**AIM OF THE TASK:** Find the line with "RNNSA06-A,RNNS" in the entries below, then output every line from it down to the line with "Black Ethnic Motifs", exactly and with no pictures.

Segment Start: SUPPLIED MATERIAL

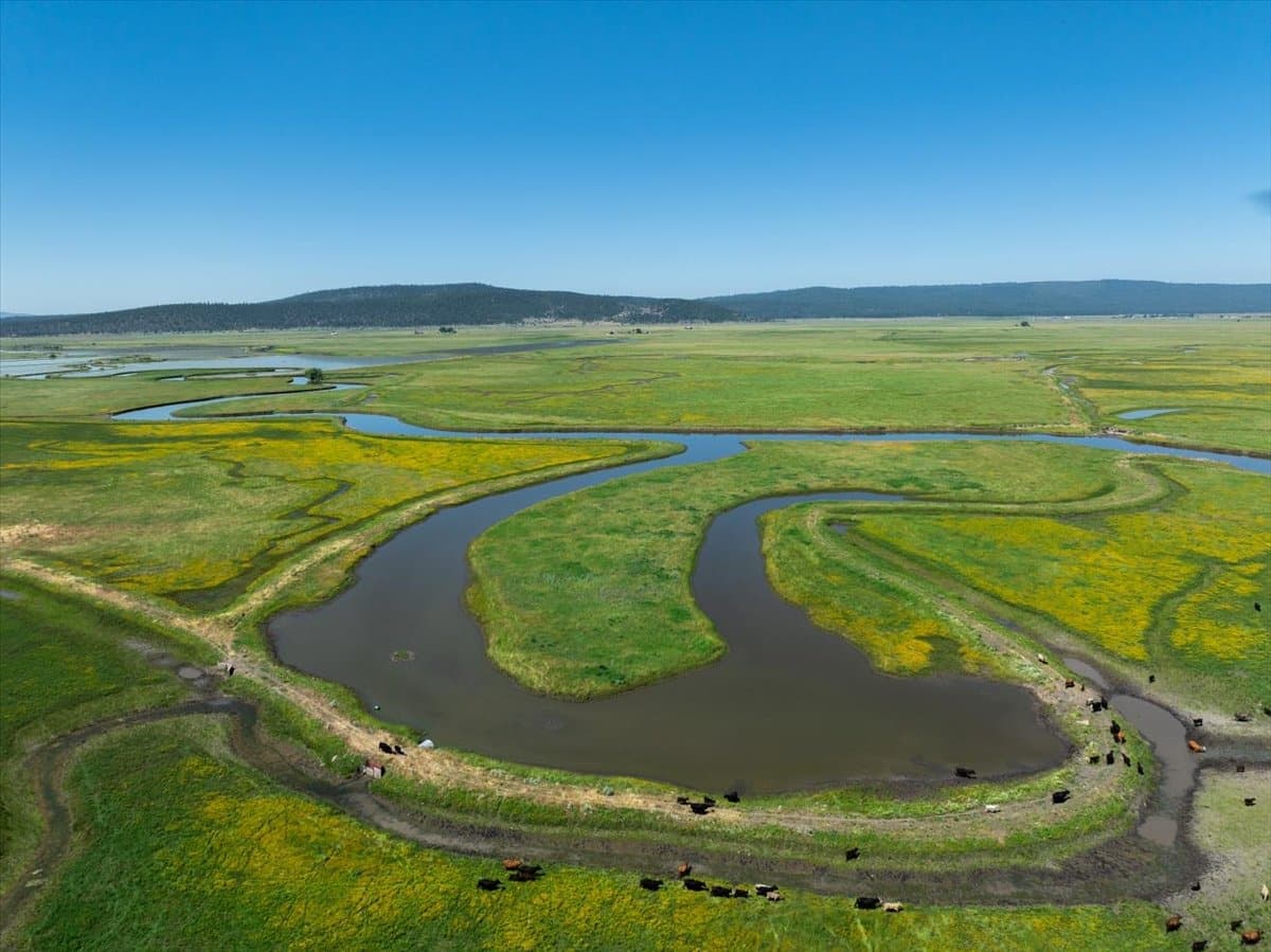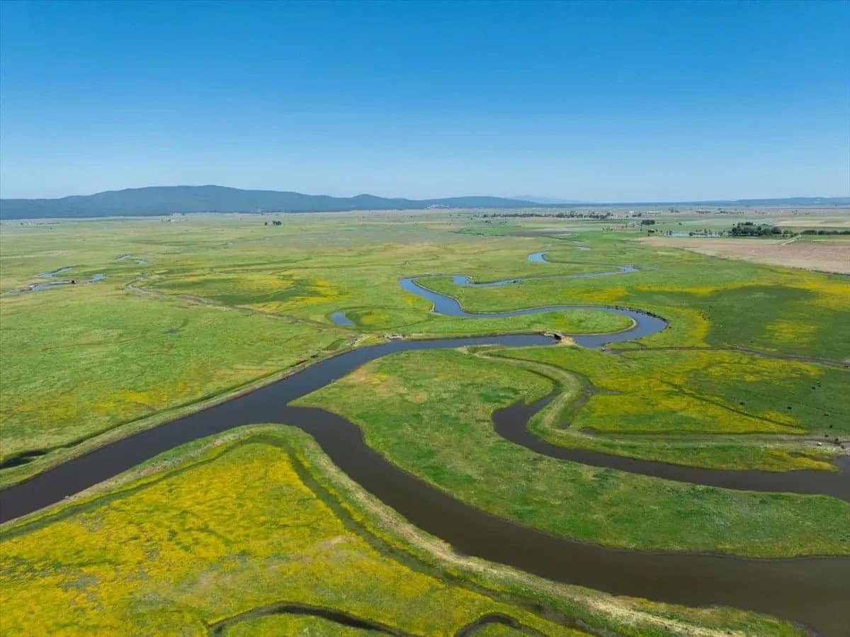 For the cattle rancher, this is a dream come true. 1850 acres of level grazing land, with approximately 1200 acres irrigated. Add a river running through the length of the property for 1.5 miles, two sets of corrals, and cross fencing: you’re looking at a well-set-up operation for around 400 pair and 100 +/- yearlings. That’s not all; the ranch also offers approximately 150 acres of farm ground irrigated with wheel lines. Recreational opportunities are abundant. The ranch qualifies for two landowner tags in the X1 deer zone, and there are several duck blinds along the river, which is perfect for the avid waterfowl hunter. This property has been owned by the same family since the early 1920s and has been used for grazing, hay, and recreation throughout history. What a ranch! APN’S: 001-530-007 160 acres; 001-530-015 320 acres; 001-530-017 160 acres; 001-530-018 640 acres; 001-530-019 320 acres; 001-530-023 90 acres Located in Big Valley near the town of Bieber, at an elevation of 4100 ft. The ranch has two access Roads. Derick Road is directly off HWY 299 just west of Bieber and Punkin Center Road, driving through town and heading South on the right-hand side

Segment End: SUPPLIED MATERIAL
Segment Start: SUPPLIED MATERIAL

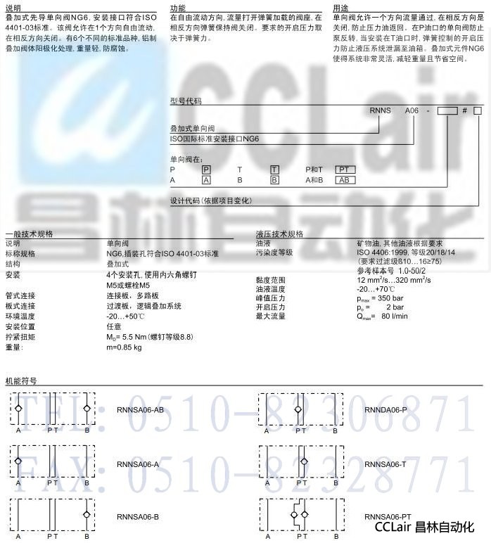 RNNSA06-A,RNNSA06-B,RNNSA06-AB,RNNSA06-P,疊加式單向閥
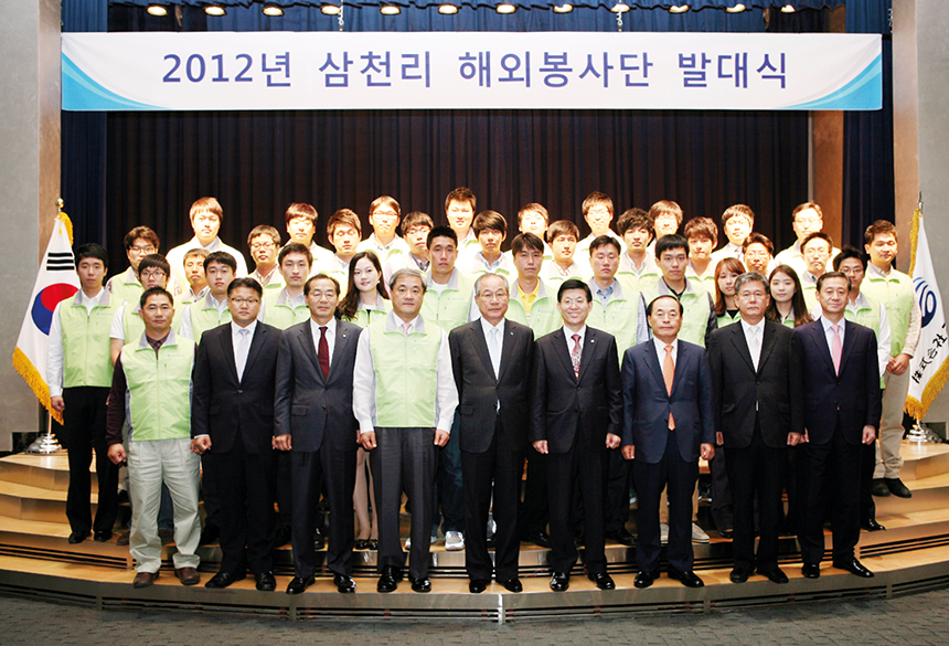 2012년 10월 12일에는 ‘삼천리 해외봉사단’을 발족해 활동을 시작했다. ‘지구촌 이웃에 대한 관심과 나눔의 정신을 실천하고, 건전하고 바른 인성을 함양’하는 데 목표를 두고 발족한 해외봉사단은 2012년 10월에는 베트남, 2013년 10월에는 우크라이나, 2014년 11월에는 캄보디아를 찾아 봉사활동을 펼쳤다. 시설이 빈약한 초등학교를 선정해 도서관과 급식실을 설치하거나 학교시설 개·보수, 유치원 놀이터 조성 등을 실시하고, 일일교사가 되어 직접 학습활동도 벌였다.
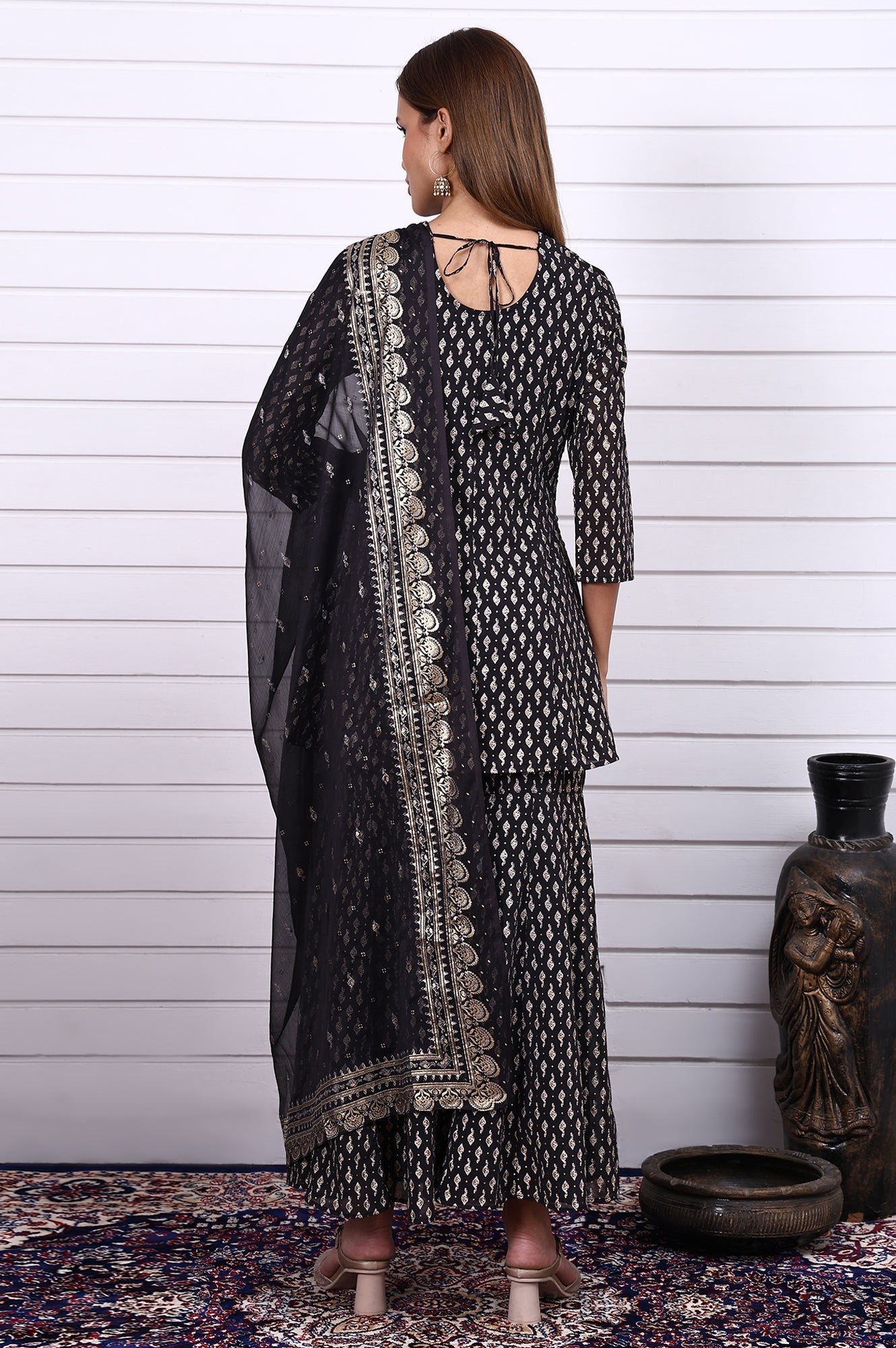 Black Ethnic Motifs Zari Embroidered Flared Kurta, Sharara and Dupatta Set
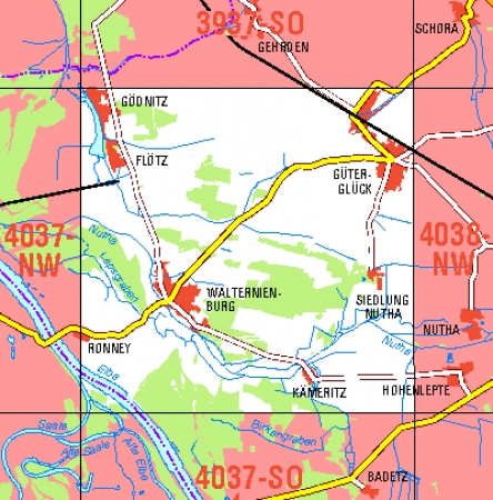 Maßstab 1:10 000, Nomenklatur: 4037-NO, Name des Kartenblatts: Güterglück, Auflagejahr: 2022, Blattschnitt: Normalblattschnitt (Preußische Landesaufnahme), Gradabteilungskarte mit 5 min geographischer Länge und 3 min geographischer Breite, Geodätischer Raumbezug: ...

Segment End: SUPPLIED MATERIAL

**FINAL ANSWER:**
 RNNSA06-A,RNNSA06-B,RNNSA06-AB,RNNSA06-P,疊加式單向閥
 2012년 10월 12일에는 ‘삼천리 해외봉사단’을 발족해 활동을 시작했다. ‘지구촌 이웃에 대한 관심과 나눔의 정신을 실천하고, 건전하고 바른 인성을 함양’하는 데 목표를 두고 발족한 해외봉사단은 2012년 10월에는 베트남, 2013년 10월에는 우크라이나, 2014년 11월에는 캄보디아를 찾아 봉사활동을 펼쳤다. 시설이 빈약한 초등학교를 선정해 도서관과 급식실을 설치하거나 학교시설 개·보수, 유치원 놀이터 조성 등을 실시하고, 일일교사가 되어 직접 학습활동도 벌였다.
 Black Ethnic Motifs Zari Embroidered Flared Kurta, Sharara and Dupatta Set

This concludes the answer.